Troy police chief retires after nearly 4 decades on the force
TROY, Mich. – At 5 p.m. Thursday, Gary Mayer ended his last shift as Troy's police chief after nearly 40 years on the force.
Usually people retire on Friday afternoons, but Mayer was fine with his final day.
He started out as a police officer in Grosse Pointe Farms and worked there for a year before taking a job in Troy, which was a different town back then.
"We had a rope in the trunk of the car, so if anybody's horse got away in the north end of town we could corral the horse," Mayer said.
He moved his way up the ladder at the Troy Police Department.
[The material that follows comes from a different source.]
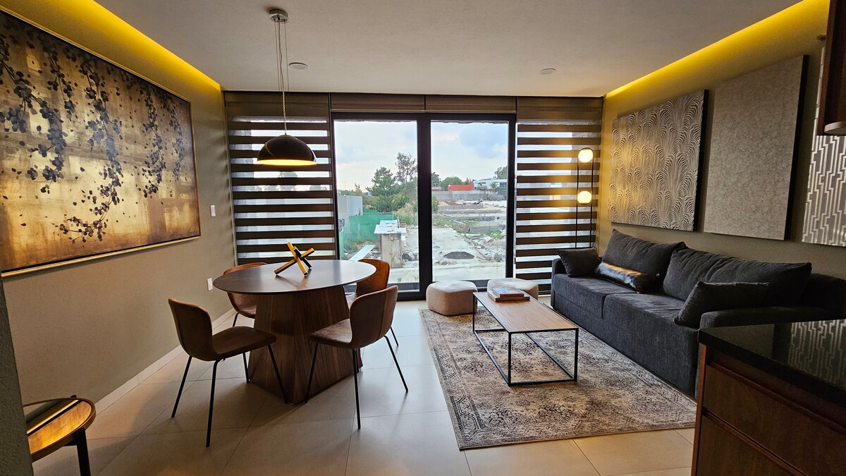 Relájate en esta escapada única! disfruta de este cálido y excepcional espacio, diseñado para que disfrutes tu estadía en la cuidad, con estilo y la comodidad de tener todos los servicios cerca; como hospitales, escuelas, centros comerciales, trota pista, restaurantes y espacios recreativos dentro de las instalaciones como alberca, roof garden y gimnasio, así como estacionamiento cubierto y elevador que harán de tu estancia, toda una experiencia placentera sea cual sea el motivo de tu visita.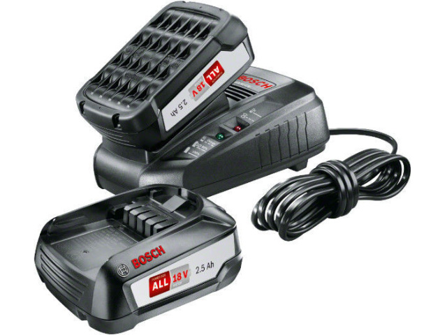 Набор Bosch 1600A011LD состоит из двух аккумуляторов PBA 18В 2,5 Ач и устройства быстрой зарядки AL 1830 CV.

"I worked on drug patrol unit, plainclothes," Mayer said."I lucked out and was able to work in the auto theft squad for a few years. That was a lot of fun, we ran two sting operations."
He left the city to work on a county wide drug task force but came back in 1989 as a lieutenant. Though he only ever thought he'd make sergeant, 10 years later he became chief.
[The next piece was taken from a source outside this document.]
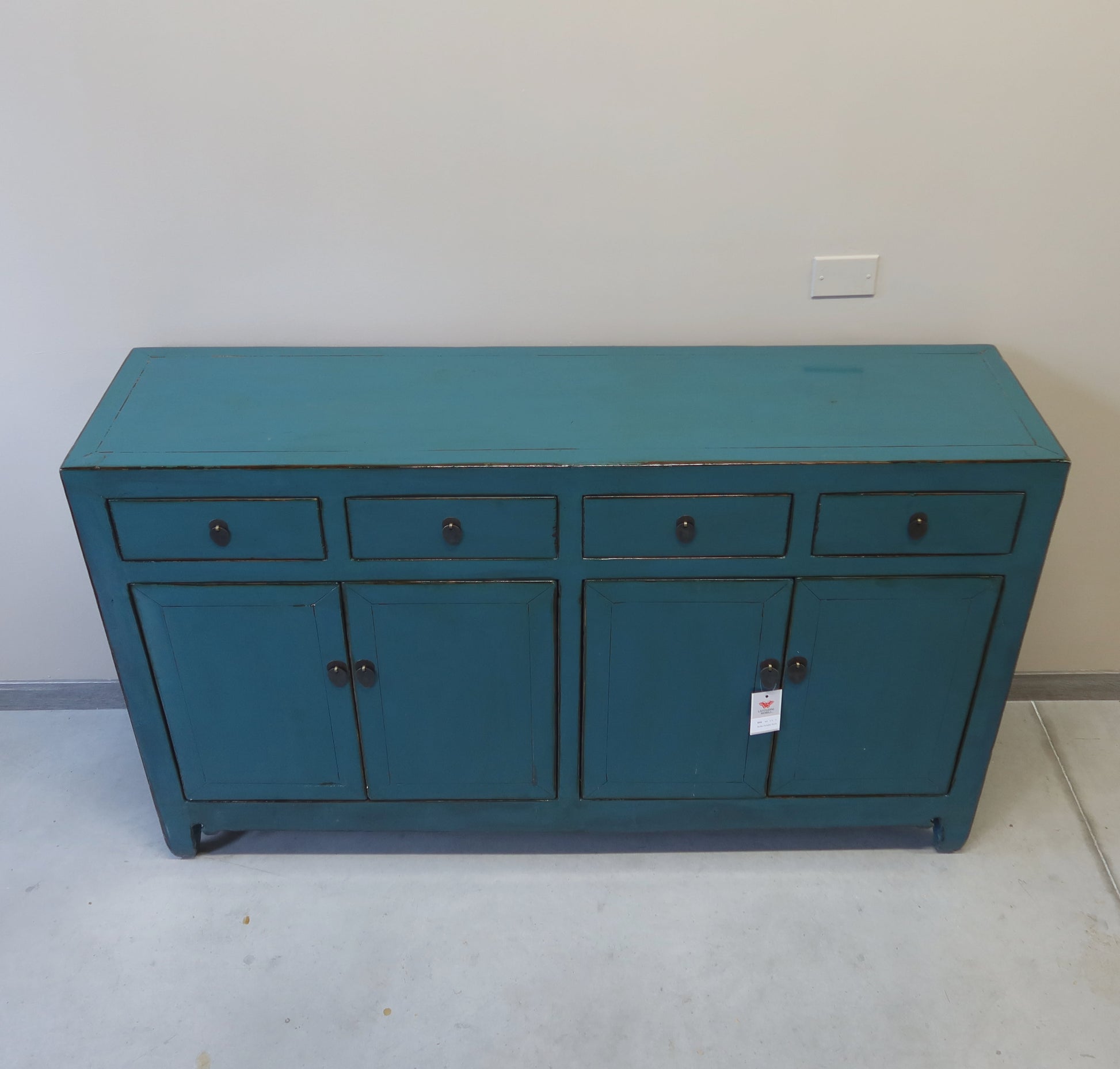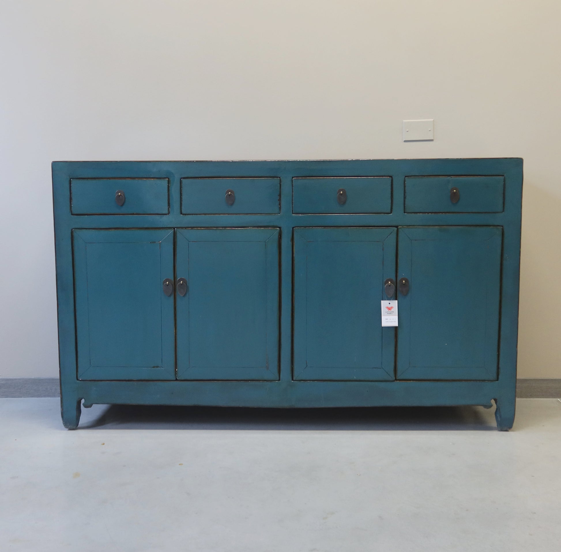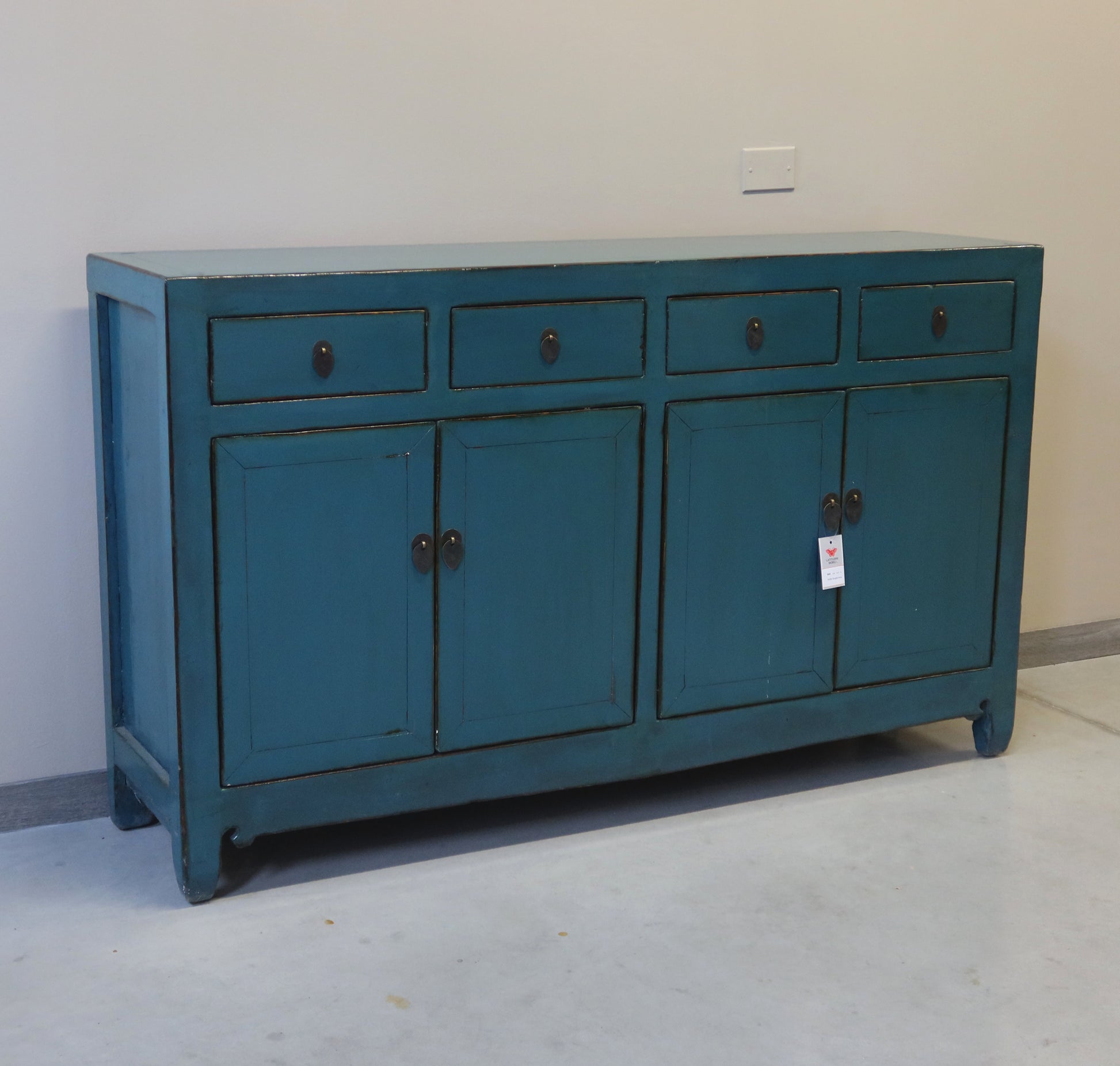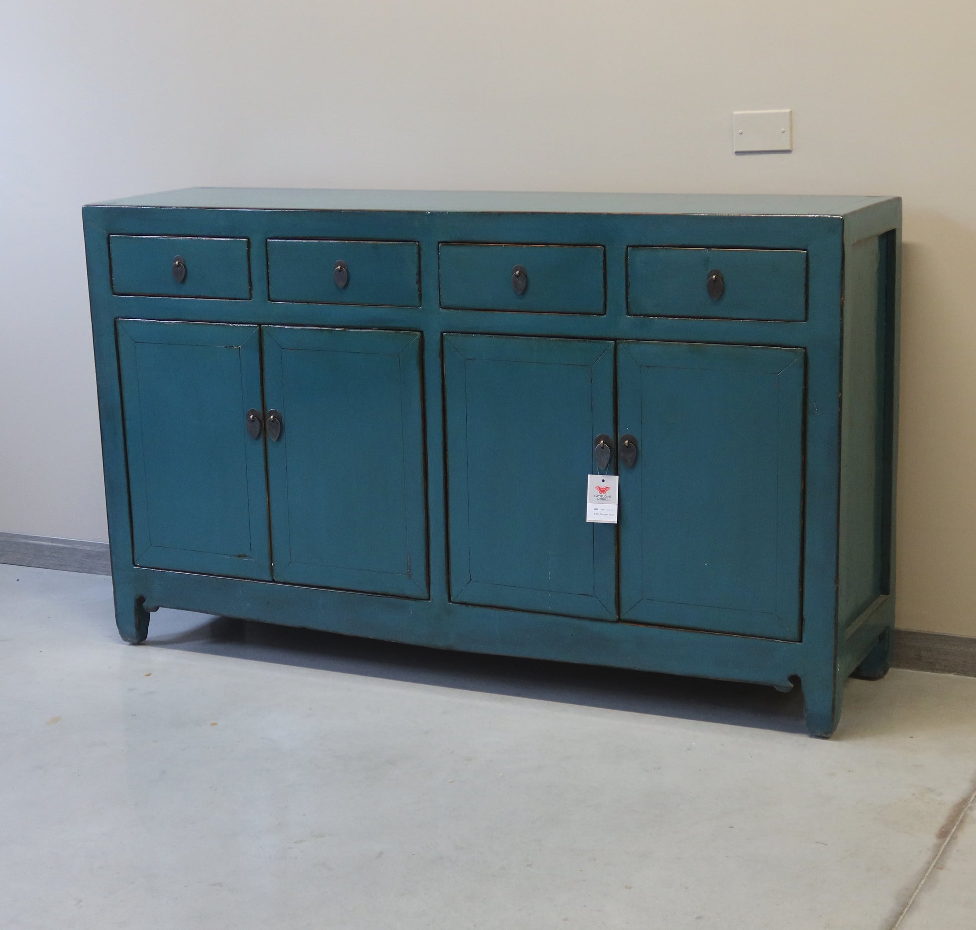 Rigorosa credenza cinese in lacca a quattro ante chiuse da caratteristica metalleria e tre cassetti nella fascia superiore. La provenienza è la regione del Dongbei (Cina Nord-orientale)

By then, Troy had grown into a major Michigan city. By 2009 it had 147 police officers and when the downturn hit, the first thing he had to do as chief was deal with a massive budget shortfall.
"That was really difficult on us," Mayer said. "We had a lot of really good people here and we had to downsize. That hurt. We were able to maintain our quality of service but it was very stressful."
Using buyouts, he had to let his friends go. Still, the job did have its good memories.
"I've been reminiscing about delivering a baby girl back in 1981," Mayer said. "That was a good day. You don't get to do that very often in police work."
As he rode off into the sunset, Mayer offered his successor some simple advice.
"Just remember the people that got you here," Mayer said. "We've got a lot of really good people."
Mayer said he's planning to stay in Troy with his wife, his children and grandchildren to spend more time with them. He also teaches ethics at the police academy in Macomb.